From owner-freebsd-hackers@FreeBSD.ORG  Fri Apr 15 15:18:20 2005
Return-Path: <owner-freebsd-hackers@FreeBSD.ORG>
Delivered-To: freebsd-hackers@freebsd.org
Received: from green.homeunix.org (freefall.freebsd.org [216.136.204.21])
	by hub.freebsd.org (Postfix) with ESMTP
	id 77CFD16A4CE; Fri, 15 Apr 2005 15:18:20 +0000 (GMT)

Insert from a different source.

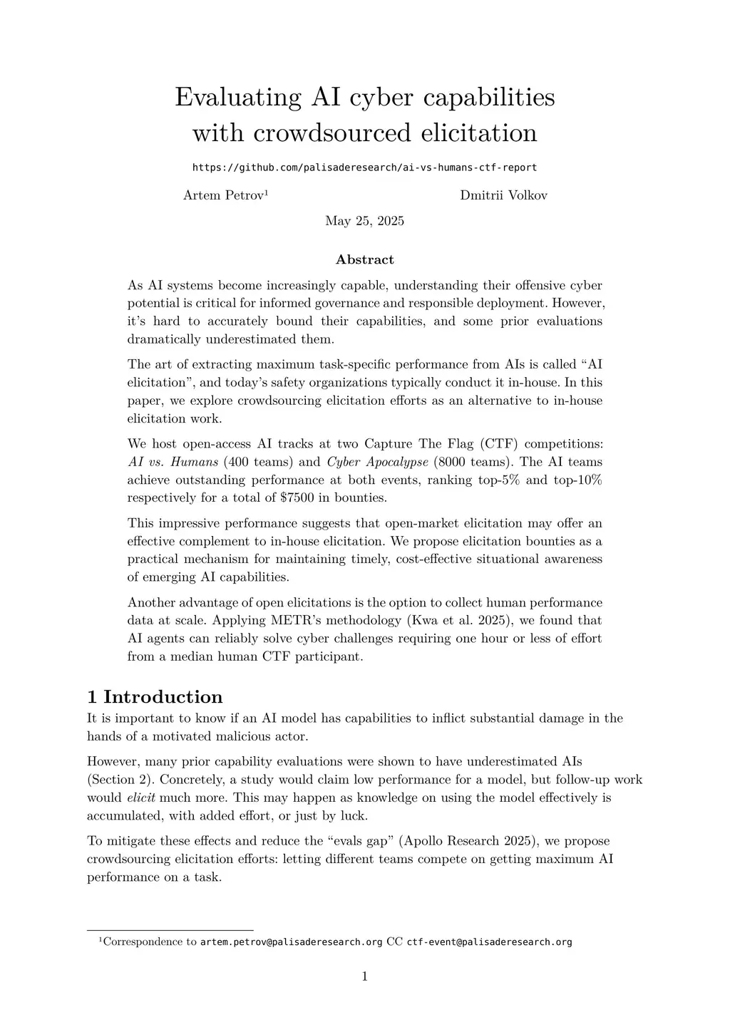 As AI systems become increasingly capable, understanding their offensive cyber potential is critical for informed governance and responsible deployment. However, it's hard to accurately bound their capabilities, and some prior evaluations dramatically underestimated them. The art of extracting maximum task-specific performance from AIs is called "AI elicitation", and today's safety organizations typically conduct it in-house. In this paper, we explore crowdsourcing elicitation efforts as an alternative to in-house elicitation work.We host open-access AI tracks at two Capture The Flag (CTF) competitions: AI vs. Humans (400 teams) and Cyber Apocalypse (8000 teams). The AI teams achieve outstanding performance at both events, ranking top-5% and top-10% respectively for a total of \$7500 in bounties. This impressive performance suggests that open-market elicitation may offer an effective complement to in-house elicitation. We propose elicitation bounties as a practical mechanism for maintaining timely, cost-effective situational awareness of emerging AI capabilities.Another advantage of open elicitations is the option to collect human performance data at scale. Applying METR's methodology, we found that AI agents can reliably solve cyber challenges requiring one hour or less of effort from a median human CTF participant.

Received: from green.homeunix.org (green@localhost [127.0.0.1])
	by green.homeunix.org (8.13.3/8.13.1) with ESMTP id j3FFJ4l3003148;
	Fri, 15 Apr 2005 11:19:04 -0400 (EDT)
	(envelope-from green@green.homeunix.org)

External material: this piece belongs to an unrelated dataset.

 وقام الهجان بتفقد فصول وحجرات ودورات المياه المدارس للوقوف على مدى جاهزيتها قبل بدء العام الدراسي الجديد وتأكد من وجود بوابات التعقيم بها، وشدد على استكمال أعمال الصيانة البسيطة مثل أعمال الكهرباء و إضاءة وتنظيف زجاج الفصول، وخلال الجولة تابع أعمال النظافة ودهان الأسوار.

Received: (from green@localhost)
	by green.homeunix.org (8.13.3/8.13.1/Submit) id j3FFJ4x9003147;
	Fri, 15 Apr 2005 11:19:04 -0400 (EDT)
	(envelope-from green)
Date: Fri, 15 Apr 2005 11:19:04 -0400
From: Brian Fundakowski Feldman <green@freebsd.org>
To: Bill Vermillion <bv@wjv.com>
Message-ID: <20050415151904.GR981@green.homeunix.org>
References: <20050415120104.AD04C16A4CF@hub.freebsd.org>
	<20050415141052.GB96815@wjv.com>
Mime-Version: 1.0
Content-Type: text/plain; charset=us-ascii
Content-Disposition: inline
In-Reply-To: <20050415141052.GB96815@wjv.com>
User-Agent: Mutt/1.5.6i
cc: freebsd-hackers@freebsd.org
Subject: Re: immenent disk failure ?
X-BeenThere: freebsd-hackers@freebsd.org
X-Mailman-Version: 2.1.1
Precedence: list
List-Id: Technical Discussions relating to FreeBSD
	<freebsd-hackers.freebsd.org>
List-Unsubscribe: <http://lists.freebsd.org/mailman/listinfo/freebsd-hackers>,
	<mailto:freebsd-hackers-request@freebsd.org?subject=unsubscribe>
List-Archive: <http://lists.freebsd.org/pipermail/freebsd-hackers>
List-Post: <mailto:freebsd-hackers@freebsd.org>
List-Help: <mailto:freebsd-hackers-request@freebsd.org?subject=help>
List-Subscribe: <http://lists.freebsd.org/mailman/listinfo/freebsd-hackers>,
	<mailto:freebsd-hackers-request@freebsd.org?subject=subscribe>
X-List-Received-Date: Fri, 15 Apr 2005 15:18:20 -0000

On Fri, Apr 15, 2005 at 10:10:52AM -0400, Bill Vermillion wrote:
> On or about Fri, Apr 15, 2005 at 12:01 , while attempting a 
> Zarathustra emulation freebsd-hackers-request@freebsd.org thus spake:
> 
> 
> 
> > Message: 4
> > Date: Thu, 14 Apr 2005 10:58:02 -0500 (CDT)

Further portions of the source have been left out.